= Required action =
With images removed, transcribe each record exactly as it appears.
-.-.-
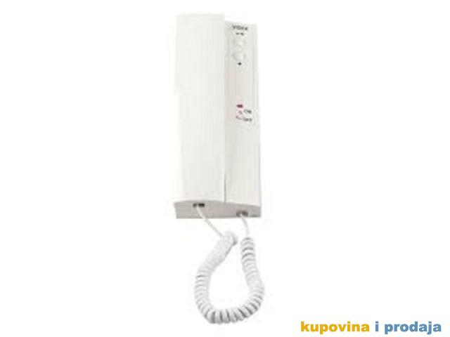 Pouzdan i kvalitetan audio intefonski set Videx 8K-1S A sa jednom slušalicom. Set se sastoji od spoljne jedinice, napajanja i unutrašnje slusalice. Spoljnja jedinica je izrađena od nerđajućeg čelika i aluminijuma. Unutrašnja jedinica je sa slušalicom, dugmetom za otvaranje kapije i dugmetom za podešavanje zvona. Moguće je povezati jos 2 dodatne slušalice paralelno.
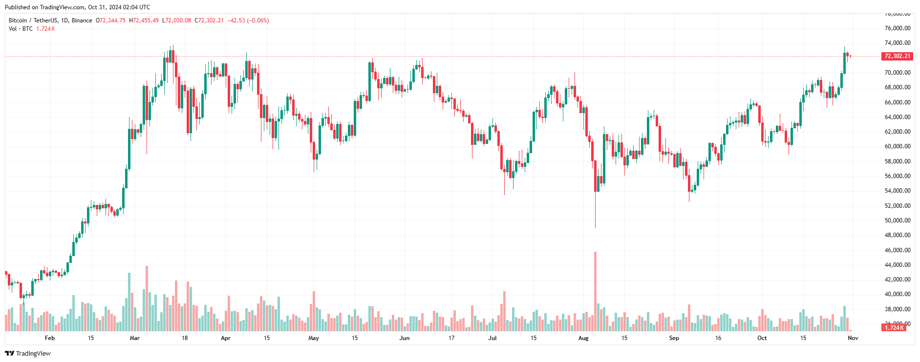 Bitcoin vẫn đang nỗ lực duy trì giá trên mốc $72.000 với hy vọng về một đợt tăng trưởng mới hướng đến ATH.
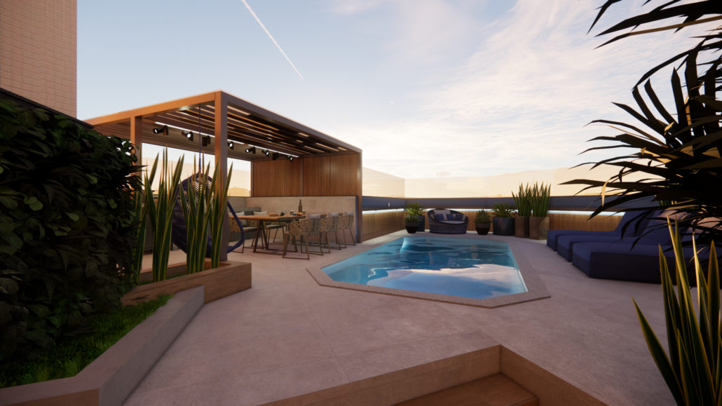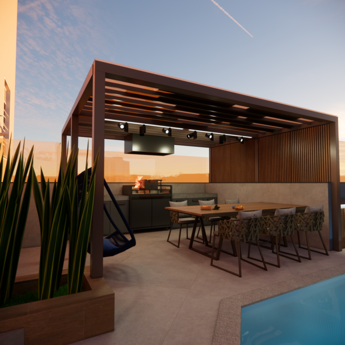 Espaço externo pensado para receber os amigos e contemplar o pôr do sol!
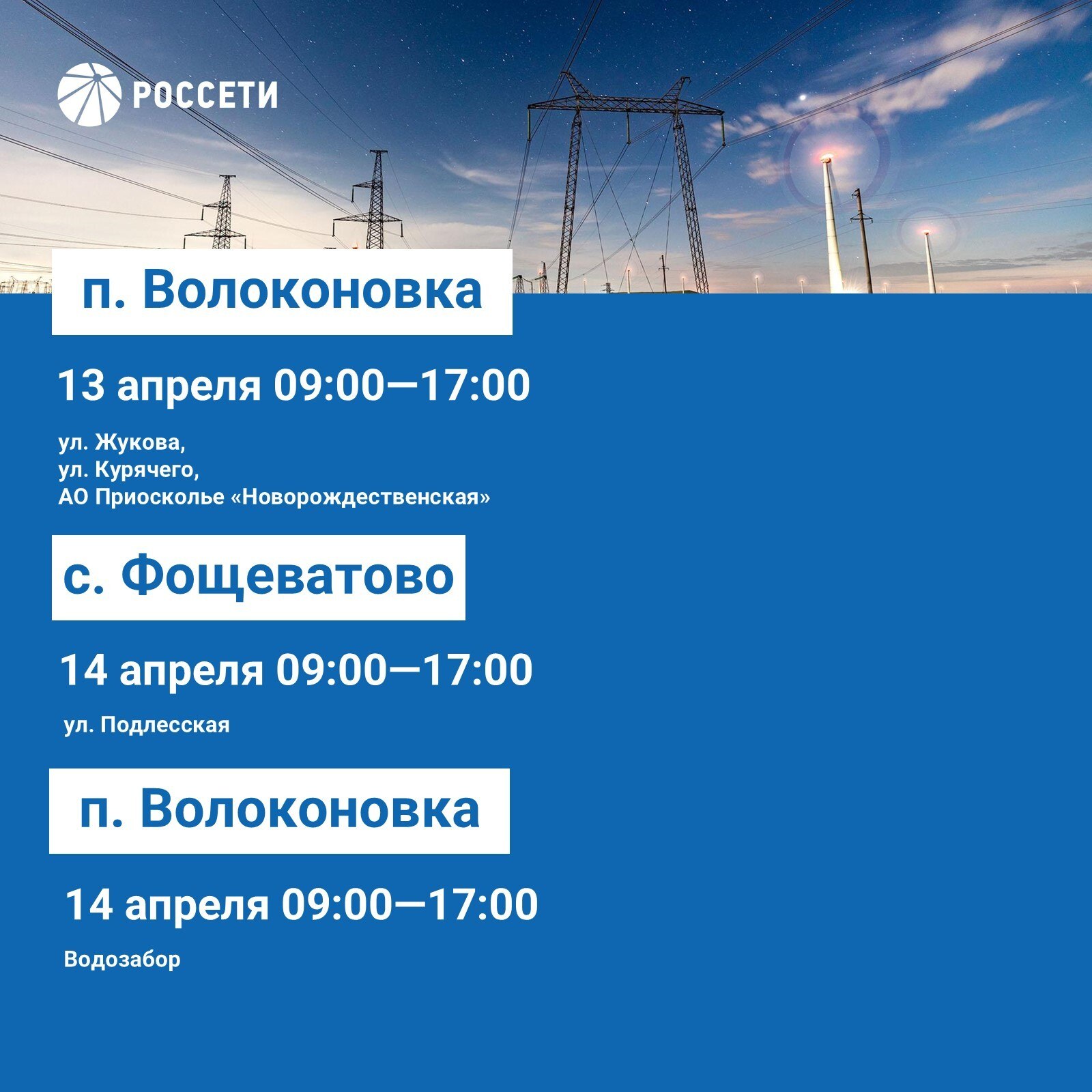 Волоконовский РЭС информирует о плане отключения электроэнергии с 13 по 19 апреля 2026 года
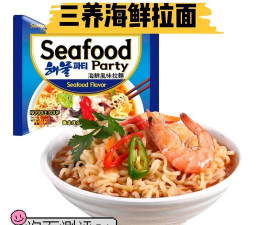三鲜海鲜拉面: 加入鱿鱼、虾仁、鱼丸,搭配甜不辣酱或沙茶酱; 蔬菜海鲜拉面
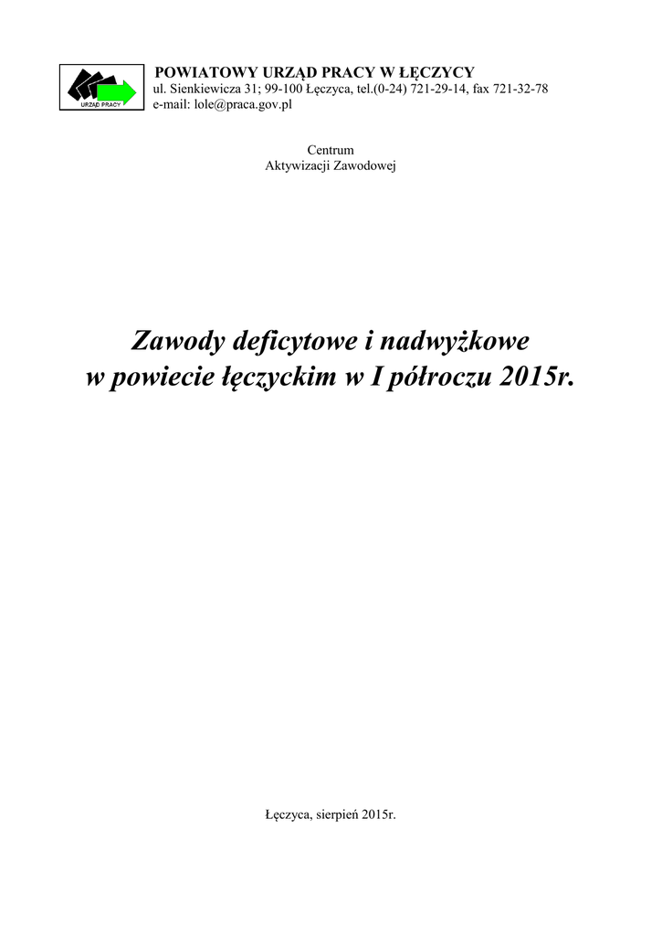 POWIATOWY URZĄD PRACY W ŁĘCZYCY ul. Sienkiewicza 31; 99-100 Łęczyca, tel.(0-24) 721-29-14, fax 721-32-78 e-mail: [email protected] Centrum Aktywizacji Zawodowej Zawody deficytowe i nadwyżkowe w powiecie łęczyckim w I półroczu 2015r. Łęczyca, sierpień 2015r. POWIATOWY URZĄD PRACY W ŁĘCZYCY ul. Sienkiewicza 31; 99-100 Łęczyca, tel.(0-24) 721-29-14, fax 721-32-78 e-mail: [email protected] INFORMACJA SYGNALNA I PÓŁROCZE 2015R. Zawody maksymalnie deficytowe Inżynier automatyki i robotyki Specjalista do spraw pakowania i opakowań Lekarz Audytor DEFICYT Technik automatyk Pozostali operatorzy urządzeń energetycznych Elektryk Operator urządzeń do produkcji pasz Zawody deficytowe Specjalista do spraw kadr Monter konstrukcji stalowych RÓWNOWAGA Goniec Zawody zrównoważone Kierowca autobusu NADWYŻKA Zawody nadwyżkowe Technik prac biurowych Kosmetyczka Brukarz Zawody maksymalnie nadwyżkowe Urzędnik podatkowy Pozostali kasjerzy i sprzedawcy biletów NADWYŻKA Hodowca ryb Monter sieci wodnych i kanalizacyjnych Mechanik/konserwator urządzeń do napełniania i opróżniania zbiorników Przędzarz Monter – elektronik instalacji anten Operator maszyn wykończalniczych wyrobów włókiennych Monter wyrobów z tworzyw sztucznych Robotnik placowy
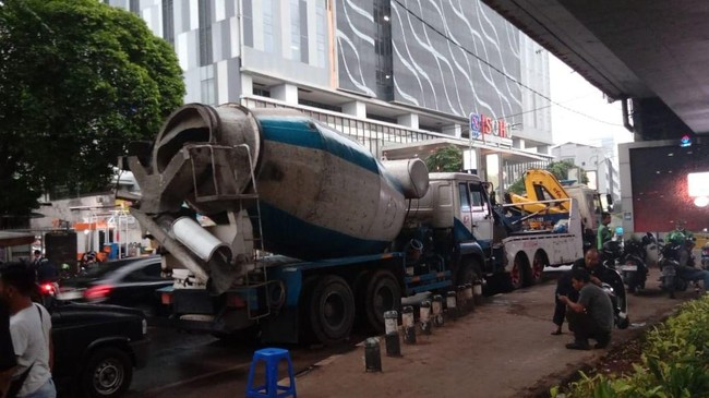 Truk molen menabrak tiang rambu hingga bikin lalu lintas di flyover Jalan Gatot Subroto, Jakarta Selatan, macet. Saat ini proses evakuasi sudah selesai.
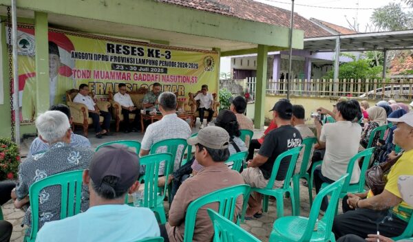 Metro — Warga Kelurahan Hadimulyo Barat, Kecamatan Metro Pusat, Kota Metro, menyampaikan sejumlah aspirasi kepada Anggota DPRD Provinsi Lampung, Tondi Muammar Gaddafi Nasution, dalam kegiatan reses yang digelar Rabu (23/07/2025).
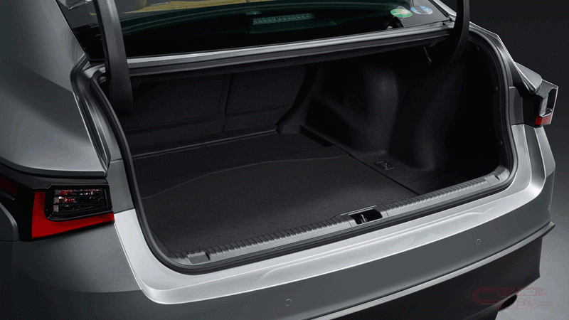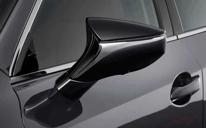 - ドアトリムの一部にLEXUSの新たな加飾表現である複数のエンボスラインを交差させたグラフィックパターンを採用。オーナメントパネルにアッシュ(オープンフィニッシュ/墨ブラック)、ブラックジオメトリーフィルム、F SPORT専用サテンクロムを新規採用した。表面処理などのアクセントをつけることで、素材本来の質感表現にこだわったスポーティな室内空間とした。
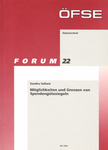 Nicht digital verfügbar! Das Österreichische Institut für Spendenwesen hat eine Diplomarbeit zu "Möglichkeiten und Grenzen von Spendengütesiegeln" gefördert. Die Arbeit von Mag. Sandra Vallant befasst sich mit einem Vergleich der Spendegütesiegel in Deutschland, der Schweiz und Österreich.
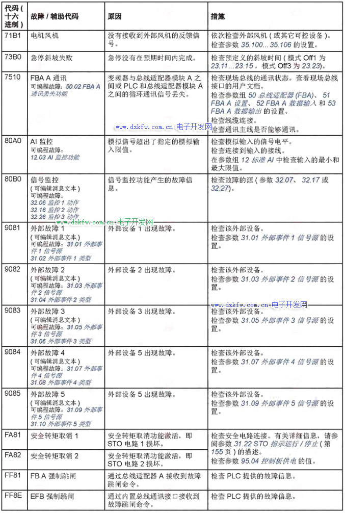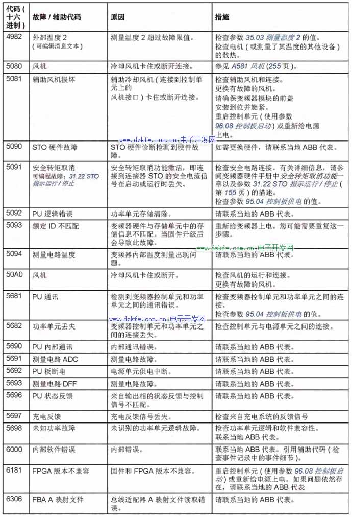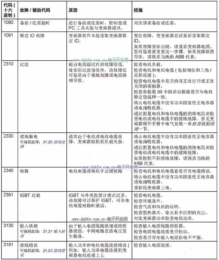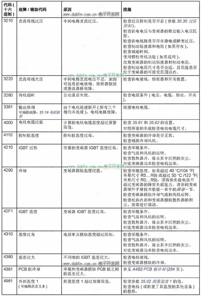 ABB ACS530在使用过程中遇到故障,可以通过以下故障代码来对故障进行分析,并采取相应维修措施进行修复。
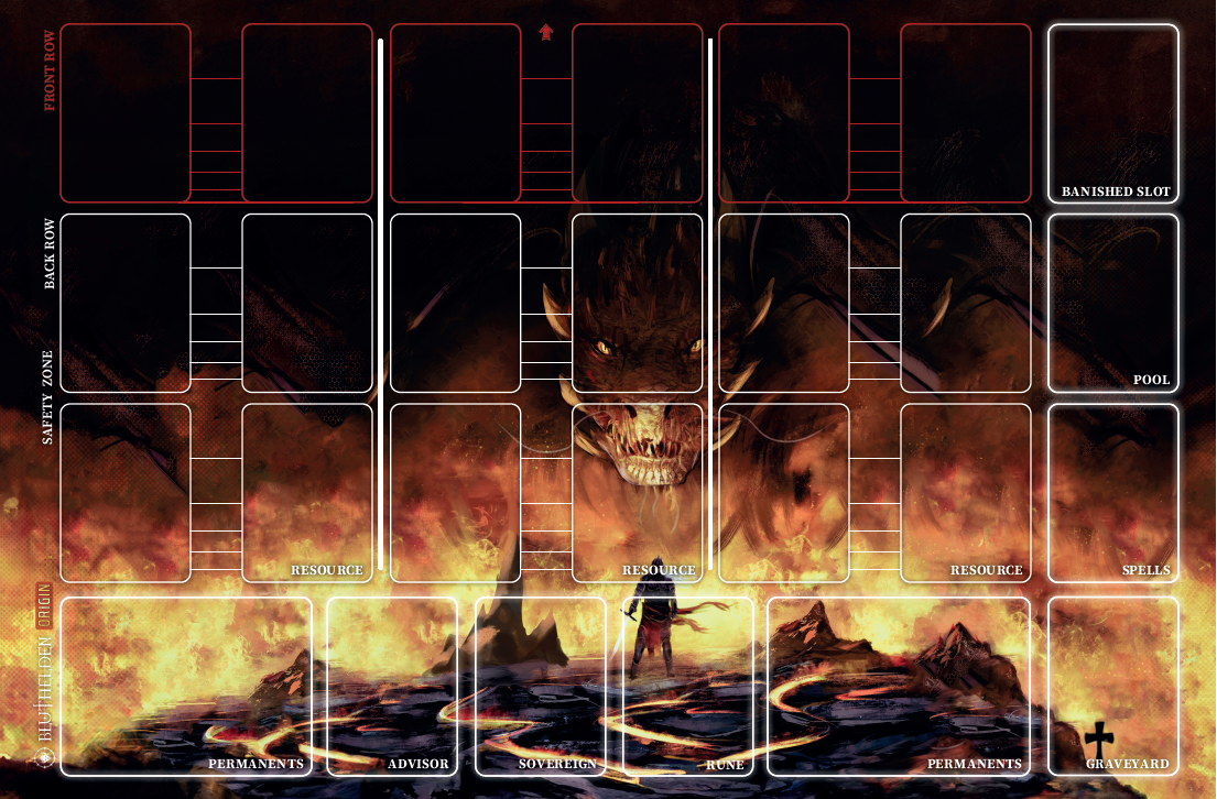 Es gibt verschiedene Zonen, die Du bespielen kannst. In Deiner eigenen Schutzzone baust Du Deine Ressourcen und somit Deiner Herrschaft aus. Die vordere Zone ist die Kampfzone, die in 3 Teilzonen aufgeteilt ist.
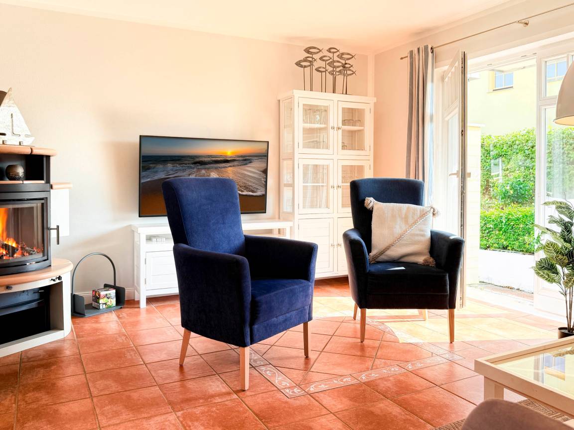 Gemütlicher Wohnbereich mit Kamin und Blick in den Garten
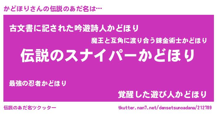 | 胡散臭い通販商品みたいなあだ名 | 『必ず成功する霊験あらたかなお札…その名も「かどほり」』 |
-.-.-
= Solution to this problem =
 Pouzdan i kvalitetan audio intefonski set Videx 8K-1S A sa jednom slušalicom. Set se sastoji od spoljne jedinice, napajanja i unutrašnje slusalice. Spoljnja jedinica je izrađena od nerđajućeg čelika i aluminijuma. Unutrašnja jedinica je sa slušalicom, dugmetom za otvaranje kapije i dugmetom za podešavanje zvona. Moguće je povezati jos 2 dodatne slušalice paralelno.
 Bitcoin vẫn đang nỗ lực duy trì giá trên mốc $72.000 với hy vọng về một đợt tăng trưởng mới hướng đến ATH.
 Espaço externo pensado para receber os amigos e contemplar o pôr do sol!
 Волоконовский РЭС информирует о плане отключения электроэнергии с 13 по 19 апреля 2026 года
三鲜海鲜拉面: 加入鱿鱼、虾仁、鱼丸,搭配甜不辣酱或沙茶酱; 蔬菜海鲜拉面
 POWIATOWY URZĄD PRACY W ŁĘCZYCY ul. Sienkiewicza 31; 99-100 Łęczyca, tel.(0-24) 721-29-14, fax 721-32-78 e-mail: [email protected] Centrum Aktywizacji Zawodowej Zawody deficytowe i nadwyżkowe w powiecie łęczyckim w I półroczu 2015r. Łęczyca, sierpień 2015r. POWIATOWY URZĄD PRACY W ŁĘCZYCY ul. Sienkiewicza 31; 99-100 Łęczyca, tel.(0-24) 721-29-14, fax 721-32-78 e-mail: [email protected] INFORMACJA SYGNALNA I PÓŁROCZE 2015R. Zawody maksymalnie deficytowe Inżynier automatyki i robotyki Specjalista do spraw pakowania i opakowań Lekarz Audytor DEFICYT Technik automatyk Pozostali operatorzy urządzeń energetycznych Elektryk Operator urządzeń do produkcji pasz Zawody deficytowe Specjalista do spraw kadr Monter konstrukcji stalowych RÓWNOWAGA Goniec Zawody zrównoważone Kierowca autobusu NADWYŻKA Zawody nadwyżkowe Technik prac biurowych Kosmetyczka Brukarz Zawody maksymalnie nadwyżkowe Urzędnik podatkowy Pozostali kasjerzy i sprzedawcy biletów NADWYŻKA Hodowca ryb Monter sieci wodnych i kanalizacyjnych Mechanik/konserwator urządzeń do napełniania i opróżniania zbiorników Przędzarz Monter – elektronik instalacji anten Operator maszyn wykończalniczych wyrobów włókiennych Monter wyrobów z tworzyw sztucznych Robotnik placowy
 Truk molen menabrak tiang rambu hingga bikin lalu lintas di flyover Jalan Gatot Subroto, Jakarta Selatan, macet. Saat ini proses evakuasi sudah selesai.
 Metro — Warga Kelurahan Hadimulyo Barat, Kecamatan Metro Pusat, Kota Metro, menyampaikan sejumlah aspirasi kepada Anggota DPRD Provinsi Lampung, Tondi Muammar Gaddafi Nasution, dalam kegiatan reses yang digelar Rabu (23/07/2025).
 - ドアトリムの一部にLEXUSの新たな加飾表現である複数のエンボスラインを交差させたグラフィックパターンを採用。オーナメントパネルにアッシュ(オープンフィニッシュ/墨ブラック)、ブラックジオメトリーフィルム、F SPORT専用サテンクロムを新規採用した。表面処理などのアクセントをつけることで、素材本来の質感表現にこだわったスポーティな室内空間とした。
 Nicht digital verfügbar! Das Österreichische Institut für Spendenwesen hat eine Diplomarbeit zu "Möglichkeiten und Grenzen von Spendengütesiegeln" gefördert. Die Arbeit von Mag. Sandra Vallant befasst sich mit einem Vergleich der Spendegütesiegel in Deutschland, der Schweiz und Österreich.
 ABB ACS530在使用过程中遇到故障,可以通过以下故障代码来对故障进行分析,并采取相应维修措施进行修复。
 Es gibt verschiedene Zonen, die Du bespielen kannst. In Deiner eigenen Schutzzone baust Du Deine Ressourcen und somit Deiner Herrschaft aus. Die vordere Zone ist die Kampfzone, die in 3 Teilzonen aufgeteilt ist.
 Gemütlicher Wohnbereich mit Kamin und Blick in den Garten
 | 胡散臭い通販商品みたいなあだ名 | 『必ず成功する霊験あらたかなお札…その名も「かどほり」』 |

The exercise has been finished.